There is another function, `mvr.ParallelCtx()`, that takes a `context.Context` as its first parameter

to allow for a user-managed context to control the goroutine pool.



## Logging

The package does _not_ replace the logger from the standard library, and it provides no additional

API. Instead, the library replaces the target `io.Writer` to which the logger writes. This _should_

have no effect on any other logging layer built on top of the standard `log` package. To use a non-default

writer call `log.SetOutput()` before `mvr.Run()`.



## Testing

For unit-testing of an application utilising this package the correct initialisation of the runtime can be

ensured by defining `TestMain` function from which all the tests are invoked, typically:

```go

func TestMain(m *testing.M) {

	mvr.Run(m.Run)

}

```



## Limitations

- The package has **no way** of intercepting calls to terminating functions like

`log.Fatal()` or `os.Exit()`, and no guarantees can be given if any of those functions is invoked.

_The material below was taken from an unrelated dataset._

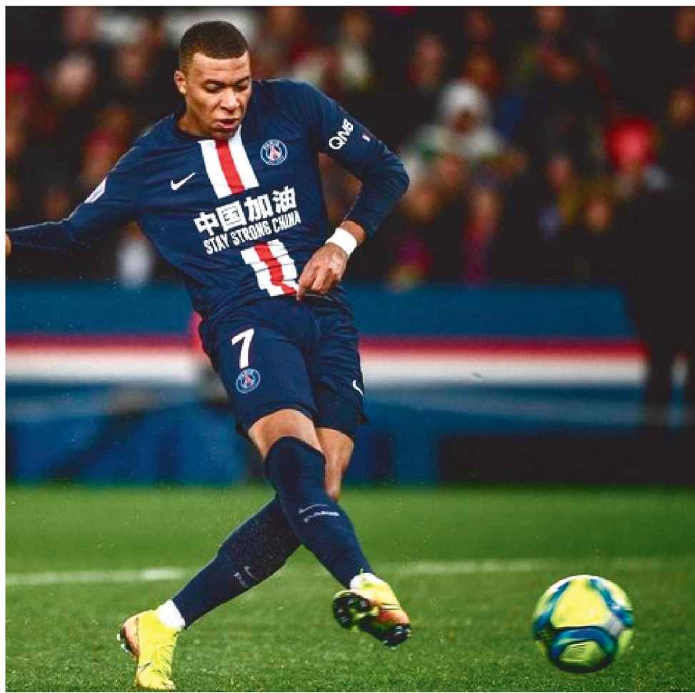
COM 25 GOLS E 17 ASSISTÊNCIAS, ATACANTE MBAPPÉ VEM DE EXCELENTE TEMPORADA

Na última vez que falou com os jornalistas, em uma premiação do Campeonato Francês, Mbappé indicou

- The package replaces the `io.Writer` used by the standard logger, so the writer must not be replaced

again after `mvr.Run()` has started;

- Only goroutines started via the package API are waited on before termination;

- The package does not handle panics, although certain effort has been made to make sure resources

are released when a panic is triggered.



#### Project status

Tested on Linux Mint 19.2 using Go version 1.13.3.